> [Supplied information]:
****************

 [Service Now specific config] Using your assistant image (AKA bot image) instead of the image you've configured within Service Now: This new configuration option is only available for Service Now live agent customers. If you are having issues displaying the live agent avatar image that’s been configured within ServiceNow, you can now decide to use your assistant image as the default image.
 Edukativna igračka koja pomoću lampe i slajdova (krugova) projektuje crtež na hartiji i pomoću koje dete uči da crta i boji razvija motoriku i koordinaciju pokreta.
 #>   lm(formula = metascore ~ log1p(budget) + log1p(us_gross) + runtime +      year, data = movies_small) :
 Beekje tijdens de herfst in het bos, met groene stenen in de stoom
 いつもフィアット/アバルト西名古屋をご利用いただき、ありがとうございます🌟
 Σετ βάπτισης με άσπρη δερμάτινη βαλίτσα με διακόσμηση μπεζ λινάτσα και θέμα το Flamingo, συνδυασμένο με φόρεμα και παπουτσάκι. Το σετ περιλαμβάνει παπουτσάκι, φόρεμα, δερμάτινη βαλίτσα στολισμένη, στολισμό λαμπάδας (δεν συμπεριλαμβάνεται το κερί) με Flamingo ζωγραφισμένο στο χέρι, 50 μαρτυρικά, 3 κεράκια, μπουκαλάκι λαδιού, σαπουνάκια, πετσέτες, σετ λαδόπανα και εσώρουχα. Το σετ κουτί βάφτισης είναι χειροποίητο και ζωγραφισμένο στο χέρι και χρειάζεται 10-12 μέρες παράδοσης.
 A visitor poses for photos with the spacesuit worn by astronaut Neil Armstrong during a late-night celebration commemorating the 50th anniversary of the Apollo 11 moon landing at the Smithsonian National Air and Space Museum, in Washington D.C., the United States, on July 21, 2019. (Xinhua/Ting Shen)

****************

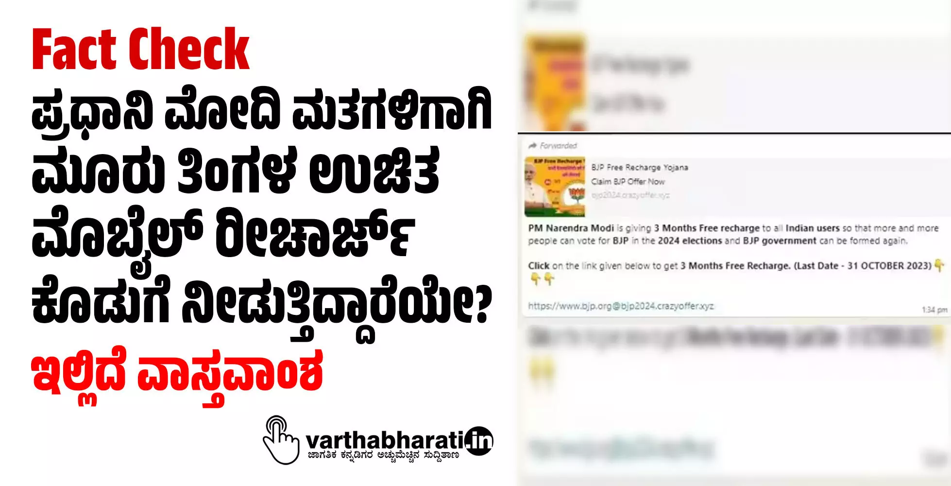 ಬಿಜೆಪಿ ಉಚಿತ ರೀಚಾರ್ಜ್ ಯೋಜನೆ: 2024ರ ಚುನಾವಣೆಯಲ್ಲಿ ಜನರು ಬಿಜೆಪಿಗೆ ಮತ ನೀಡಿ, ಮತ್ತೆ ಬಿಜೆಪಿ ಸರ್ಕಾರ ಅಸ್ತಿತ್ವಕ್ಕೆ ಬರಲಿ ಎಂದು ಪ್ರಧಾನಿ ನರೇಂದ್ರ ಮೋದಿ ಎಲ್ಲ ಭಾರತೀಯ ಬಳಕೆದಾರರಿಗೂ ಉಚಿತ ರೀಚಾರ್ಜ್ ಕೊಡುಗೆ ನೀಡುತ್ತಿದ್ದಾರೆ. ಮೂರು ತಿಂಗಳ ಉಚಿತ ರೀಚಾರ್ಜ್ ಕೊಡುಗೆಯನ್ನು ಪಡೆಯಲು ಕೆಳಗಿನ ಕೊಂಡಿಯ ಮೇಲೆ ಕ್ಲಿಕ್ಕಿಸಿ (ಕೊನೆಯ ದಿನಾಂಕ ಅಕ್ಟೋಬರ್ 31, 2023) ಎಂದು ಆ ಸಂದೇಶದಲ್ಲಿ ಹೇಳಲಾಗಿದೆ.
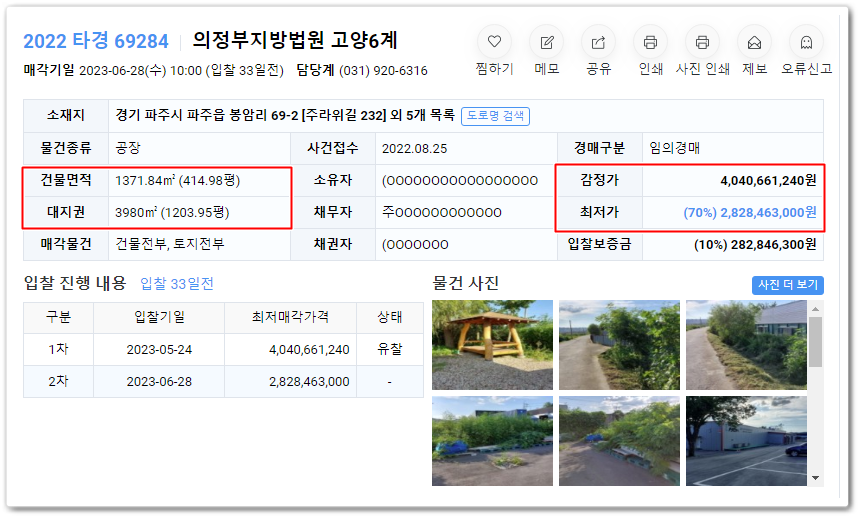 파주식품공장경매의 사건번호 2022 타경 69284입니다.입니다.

****************

> [Directions for this task]: Taking the listing above as the source, transcribe only the lines starting at the line with "Beekje tijdens de" and going through the line with "Σετ βάπτισης με", unaltered and with both ends included.

> [Expected answer]:
 Beekje tijdens de herfst in het bos, met groene stenen in de stoom
 いつもフィアット/アバルト西名古屋をご利用いただき、ありがとうございます🌟
 Σετ βάπτισης με άσπρη δερμάτινη βαλίτσα με διακόσμηση μπεζ λινάτσα και θέμα το Flamingo, συνδυασμένο με φόρεμα και παπουτσάκι. Το σετ περιλαμβάνει παπουτσάκι, φόρεμα, δερμάτινη βαλίτσα στολισμένη, στολισμό λαμπάδας (δεν συμπεριλαμβάνεται το κερί) με Flamingo ζωγραφισμένο στο χέρι, 50 μαρτυρικά, 3 κεράκια, μπουκαλάκι λαδιού, σαπουνάκια, πετσέτες, σετ λαδόπανα και εσώρουχα. Το σετ κουτί βάφτισης είναι χειροποίητο και ζωγραφισμένο στο χέρι και χρειάζεται 10-12 μέρες παράδοσης.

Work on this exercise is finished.